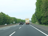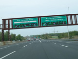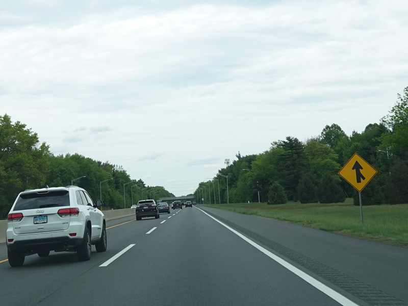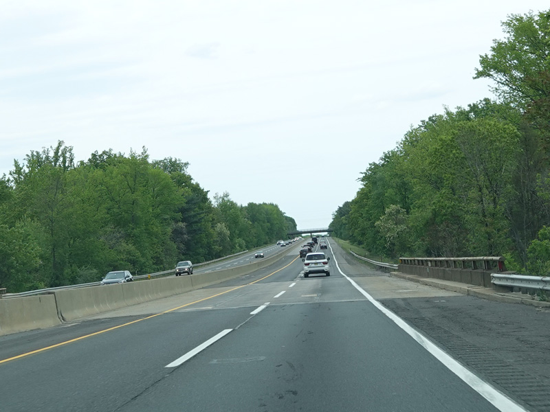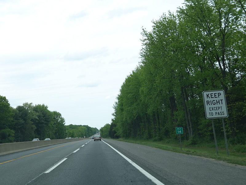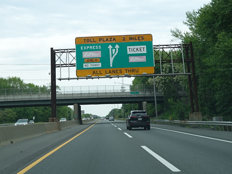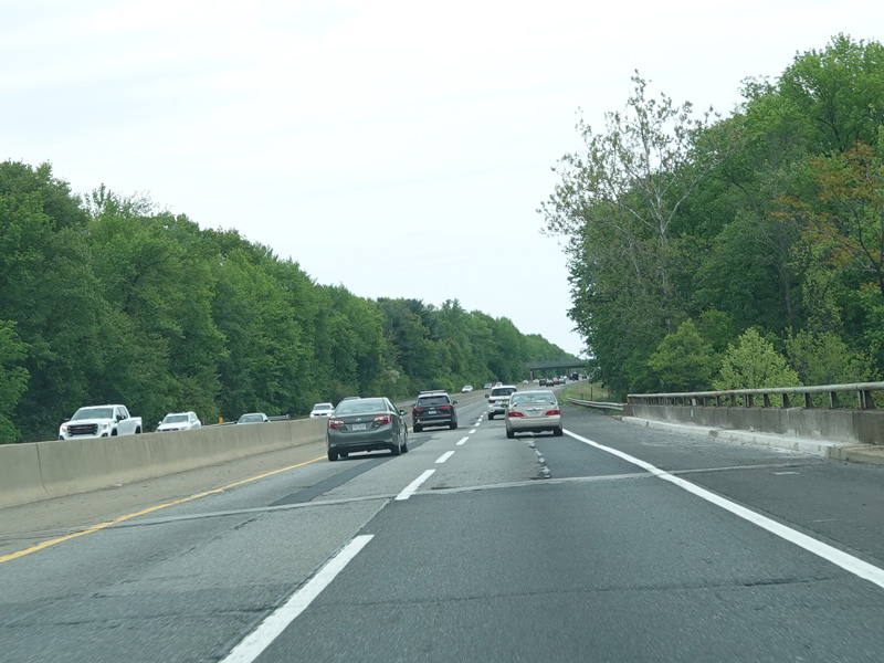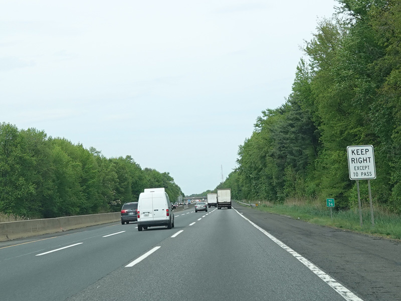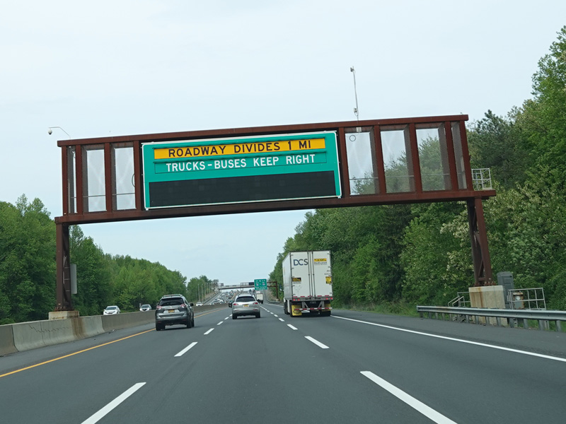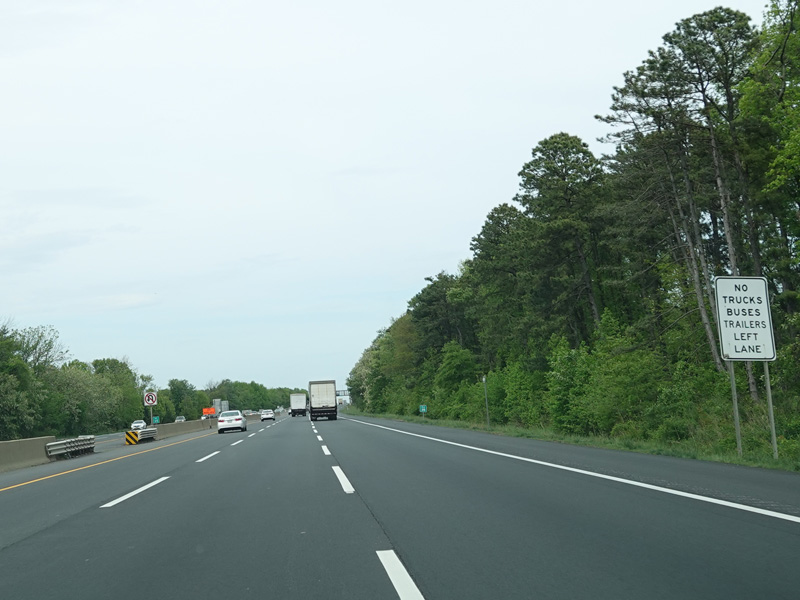 The turnpike divides into two sets of parallel lanes in each direction. Cars may use either set of lanes. Trucks and buses must use the outer lanes.
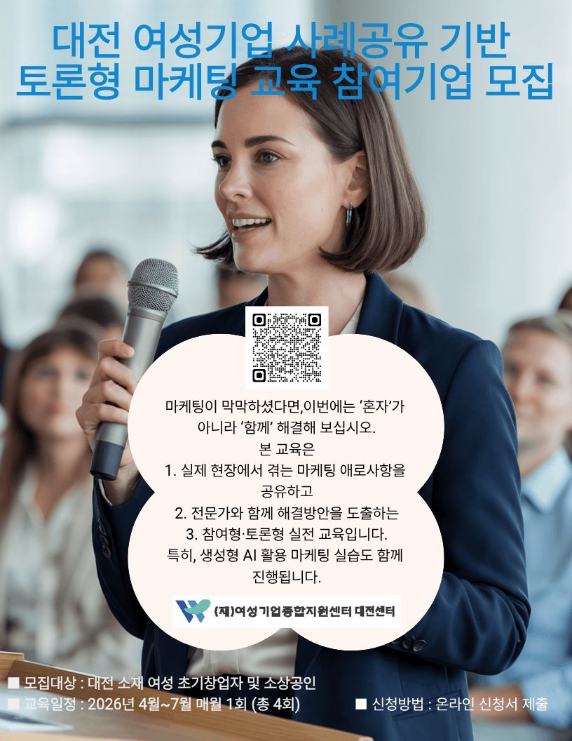 2026년 대전광역시 여성기업 사례공유 기반 토론형 마케팅 교육 프로그램 참여자 모집
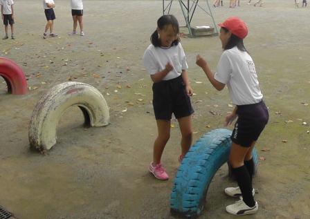 本日、縦割り業間遊びが行われました。雨の心配もありましたが、無事に校庭で行うことができ、1年生から6年生まで元気に走り回っていました。ドッジボールや鬼ごっこ、タイヤとびじゃんけんなど縦割り班で力を合わせながら、楽しむことができたようです。開始や終了時には、6年生が中心となって下級生をまとめている姿も見られ、感心しました。
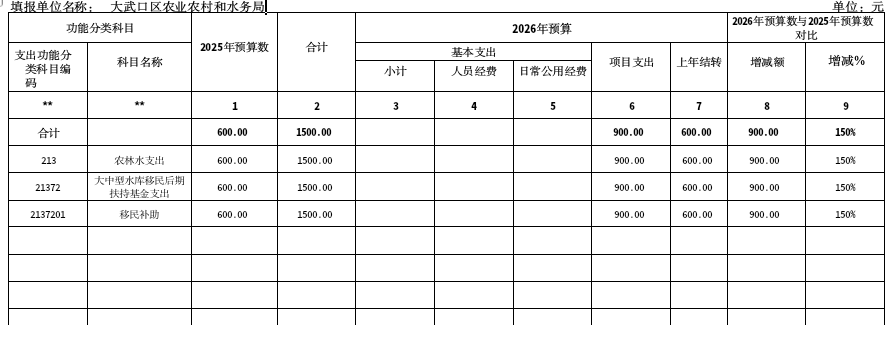 1、农林水支出(213)大中型水库移民后期扶持基金(21372)移民补助(2137201)2026 年预算900.00 元,上年结余结转600.00元,共计 1500.00 元。比 2025 年执行数增加 900.00 元,增长150 %。主要用于大武口区大中型水库移民后期扶持直补资金, 增加移民人均可支配收入 200.00 元。
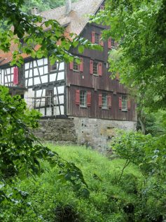 Mächtig steht sie in der Tiefe des Tals, dahinter ein imposanter Wasserfall. Der Amtsarzt von Welzheim Justinius Kerner schrieb hier das Gedicht „Der Wanderer in der Mühle“. Nun ist es nicht mehr weit zum Ausganspunkt.
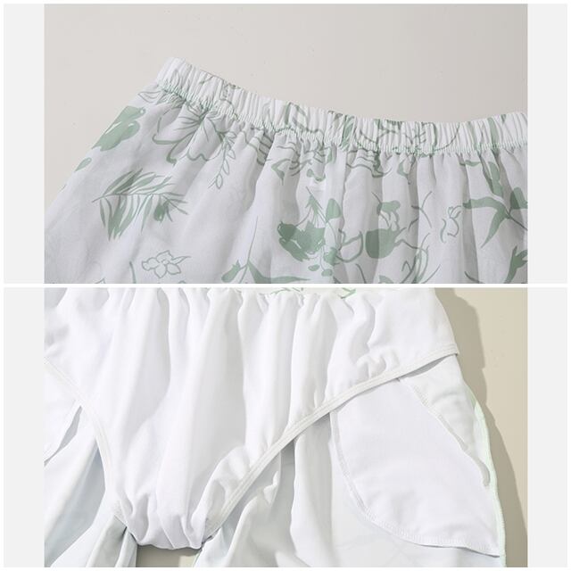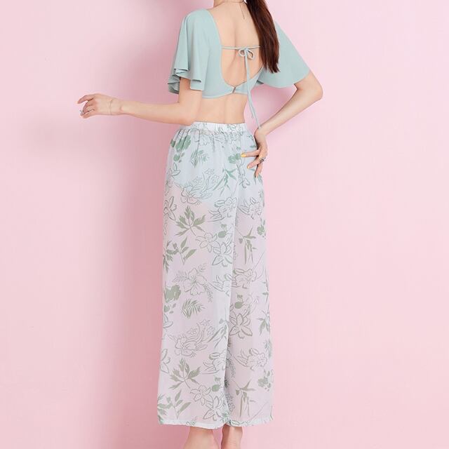 【予約販売】水着 カップル水着 3点セット ペアルック メンズ レディース フリル フラワー柄 花柄 グリーン ビキニ パンツ 海水パンツ ペア水着 恋人 おそろい お揃い M/L/XL/2XL
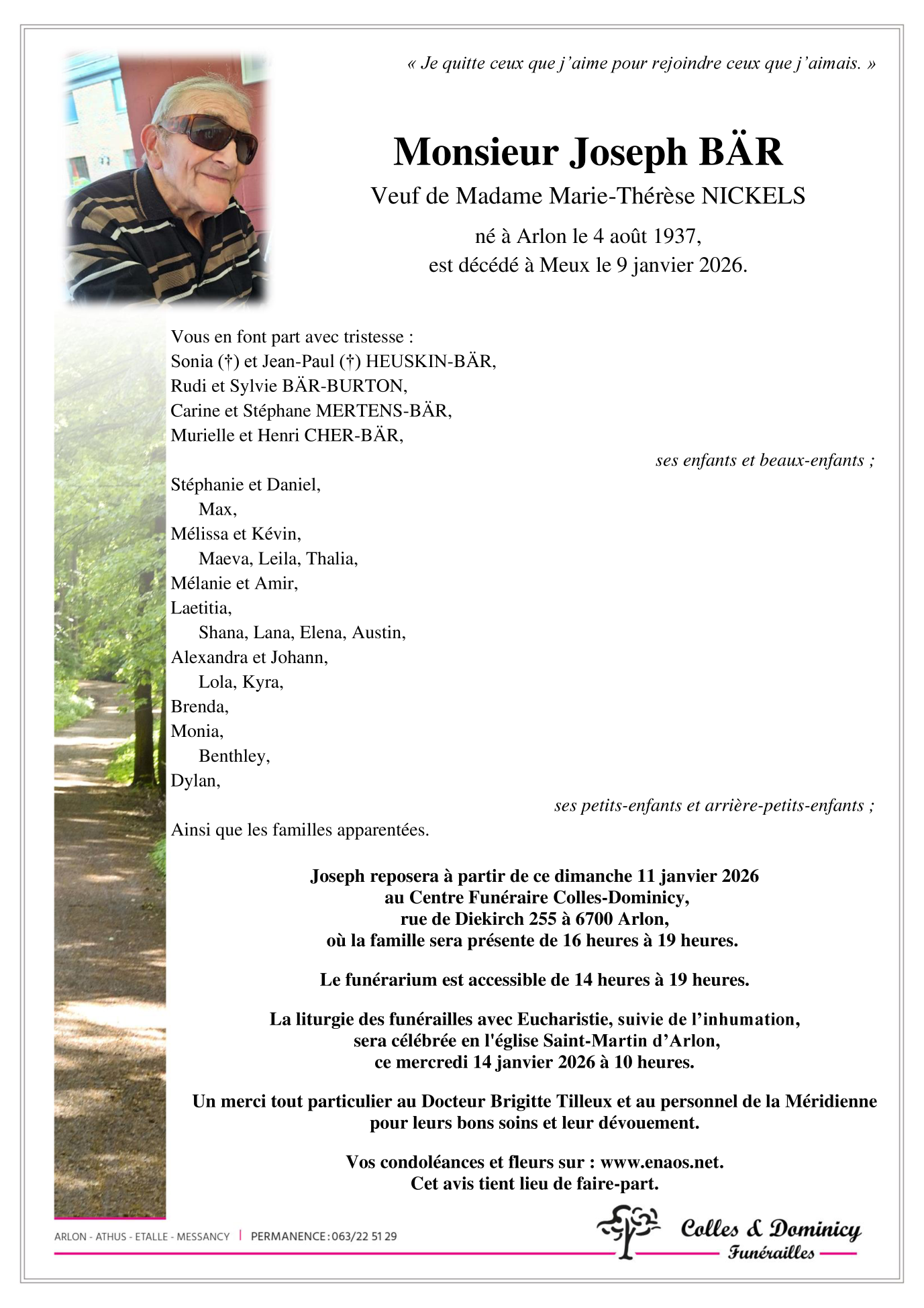 Overleden te Meux (5081) op vrijdag 9 januari 2026 op 88-jarige leeftijd
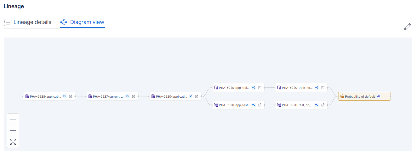 Users can now visualize model and dataset lineage with interactive diagrams directly within the Vectice app. The diagrams are fully editable, allowing users to add or remove datasets and models to complete and customize the end-to-end lineage of a project.
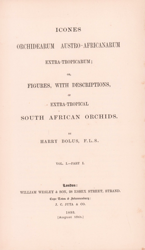 Bolus paid for the publication of this work himself. The plates were lithographed on stone, adding considerably to the expense. As a result he scrimped on the bindings which are often in need of the binder's attention although not in this case. Only 250 sets were published of which half were sold to the public. Volume 1 is either found in two separate parts, as here, or with the two parts bound in a single volume.
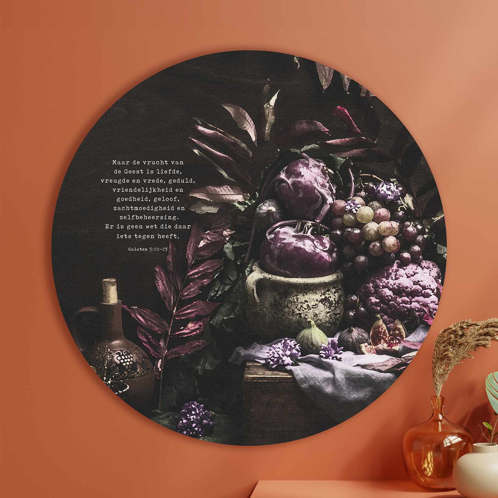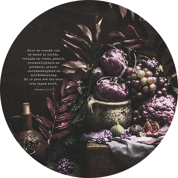 Op deze cirkel staat de bijbeltekst uit Galaten 5:22-23: ‘Maar de vrucht van de Geest is liefde, vreugde en vrede, geduld, vriendelijkheid en goedheid, geloof, zachtmoedigheid en zelfbeheersing. Er is geen wet die daar iets tegen heeft.’
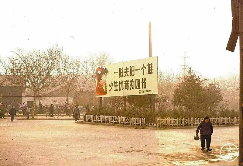 80年代西安街头广告牌:一对夫妇一个娃,少生优育为四化。

Brief: Output the line that contains "增加移民人均可支配收入 200.00 元。" and every subsequent line through the end of the entries, exactly as given, without pictures.

Solution below:
 1、农林水支出(213)大中型水库移民后期扶持基金(21372)移民补助(2137201)2026 年预算900.00 元,上年结余结转600.00元,共计 1500.00 元。比 2025 年执行数增加 900.00 元,增长150 %。主要用于大武口区大中型水库移民后期扶持直补资金, 增加移民人均可支配收入 200.00 元。
 Mächtig steht sie in der Tiefe des Tals, dahinter ein imposanter Wasserfall. Der Amtsarzt von Welzheim Justinius Kerner schrieb hier das Gedicht „Der Wanderer in der Mühle“. Nun ist es nicht mehr weit zum Ausganspunkt.
 【予約販売】水着 カップル水着 3点セット ペアルック メンズ レディース フリル フラワー柄 花柄 グリーン ビキニ パンツ 海水パンツ ペア水着 恋人 おそろい お揃い M/L/XL/2XL
 Overleden te Meux (5081) op vrijdag 9 januari 2026 op 88-jarige leeftijd
 Users can now visualize model and dataset lineage with interactive diagrams directly within the Vectice app. The diagrams are fully editable, allowing users to add or remove datasets and models to complete and customize the end-to-end lineage of a project.
 Bolus paid for the publication of this work himself. The plates were lithographed on stone, adding considerably to the expense. As a result he scrimped on the bindings which are often in need of the binder's attention although not in this case. Only 250 sets were published of which half were sold to the public. Volume 1 is either found in two separate parts, as here, or with the two parts bound in a single volume.
 Op deze cirkel staat de bijbeltekst uit Galaten 5:22-23: ‘Maar de vrucht van de Geest is liefde, vreugde en vrede, geduld, vriendelijkheid en goedheid, geloof, zachtmoedigheid en zelfbeheersing. Er is geen wet die daar iets tegen heeft.’
 80年代西安街头广告牌:一对夫妇一个娃,少生优育为四化。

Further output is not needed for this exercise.